If AI programming wants to go further, what key problems should the big model solve?

guide

On the origin of intelligent programming, it can be traced back to the auxiliary prompt function of the integrated development environment (IDE). However, the intelligent auxiliary functions of traditional IDEs are relatively simple, generally based on the input of developers and existing project codes, real-time prediction of class names, method names, code fragments, etc. in the code to be completed, and provide a list of suggestions.

The so-called intelligent programming now, under the influence of deep learning technology, is quite different from before, and even has an essential difference.

Ma Yuchi, HUAWEI CLOUD Dev AI Lab Leader and an expert in intelligent R&D algorithm technology, believes: "2021, when GitHub Copilot came out, is the first year of the emergence of truly intelligent programming. Code completion before that is equivalent to the input method. Lenovo function."

If AI programming wants to go further, what key problems should the big model solve?

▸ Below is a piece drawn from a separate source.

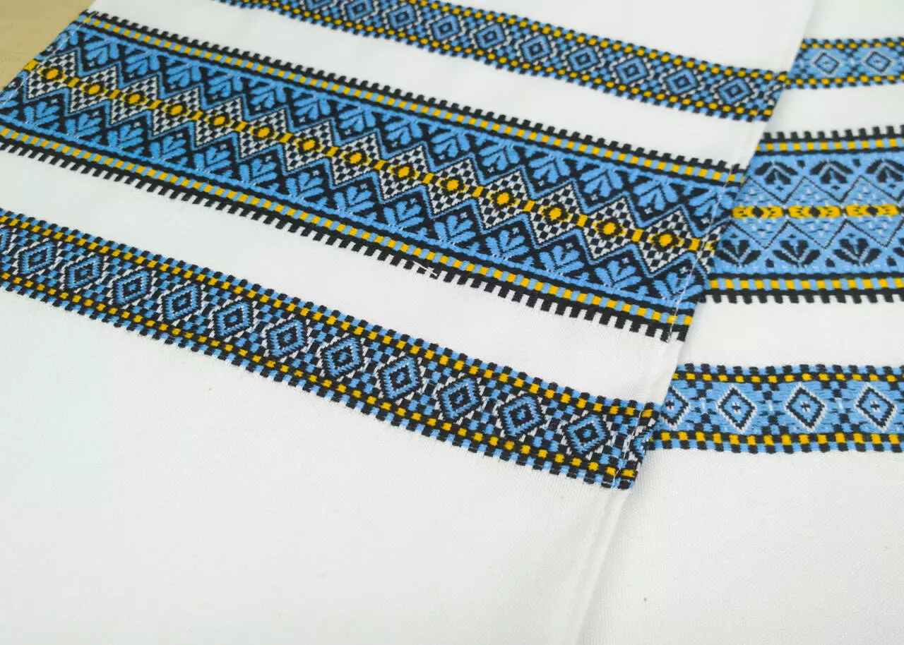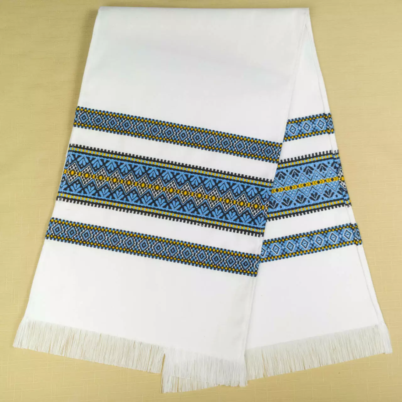 Традиційний синій рушник з вишивкою, який часто використовується в українських обрядах.

If AI programming wants to go further, what key problems should the big model solve?

HUAWEI CLOUD Dev AI Lab Leader, Intelligent R&D Algorithm Technical Expert Ma Yuchi

Developed by GitHub and OpenAI, GitHub Copilot's underlying technology uses a Codex model -- a model trained on exascale code, including public repositories on GitHub. What's special about GitHub Copilot is that it's not just a code completion tool. It understands more context than most code aids. Whether it's documentation, comments, function names, or the code itself, GitHub Copilot will synthesize matching code based on the context provided by the developer. Developers can get suggestions on entire lines of code or complete functions in the editor through GitHub Copilot.

The rate at which Copilot has evolved is astounding. In June 2021, when Copilot was first released, its accuracy rate was 28.8%, and the highest in the industry at that time could only reach 11%. In March of this year, the accuracy rate of Copilot X, which is connected to GPT-4, has reached 67%.

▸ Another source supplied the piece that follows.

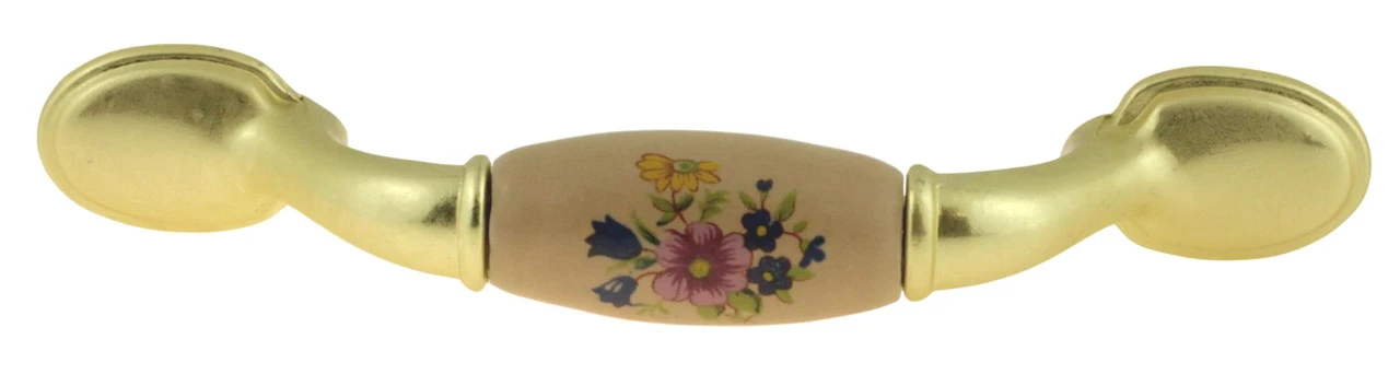 Traditional Bright Brass Pull – Almond-Flowered Ceramic Insert 3″Cc This is the drawer pull for you. This bright brass pull has a beautiful ceramic insert with a flower arrangement.

"An AI programming assistant that is not based on a large model has very poor programming ability. In our opinion, it does not even belong to the category of intelligence." Ma Yuchi said. The birth of Copilot inspired Ma Yuchi and his team a lot. So at the end of 2021, Huawei combined the research and development tool CodeArts with the Pangu large model to develop an intelligent programming assistant CodeArts Snap.

It is understood that CodeArts Snap has trained 76 billion lines of selected codes, 85 million open source code warehouses, and more than 13 million technical documents. It has three core functions: intelligent generation, intelligent question and answer, and intelligent collaboration. Click to automatically annotate and generate test cases, and deploy intelligently with one instruction.

At present, CodeArts Snap has accumulated many users and received a lot of feedback. Ma Yuchi said that in the future, CodeArts Snap will continue to evolve and continuously improve its intelligent programming capabilities. He mentioned that at the current stage, from the perspective of model optimization and engineering optimization, "code generation based on large models" still faces eight key technical challenges. This is also the direction of future evolution of CodeArts Snap.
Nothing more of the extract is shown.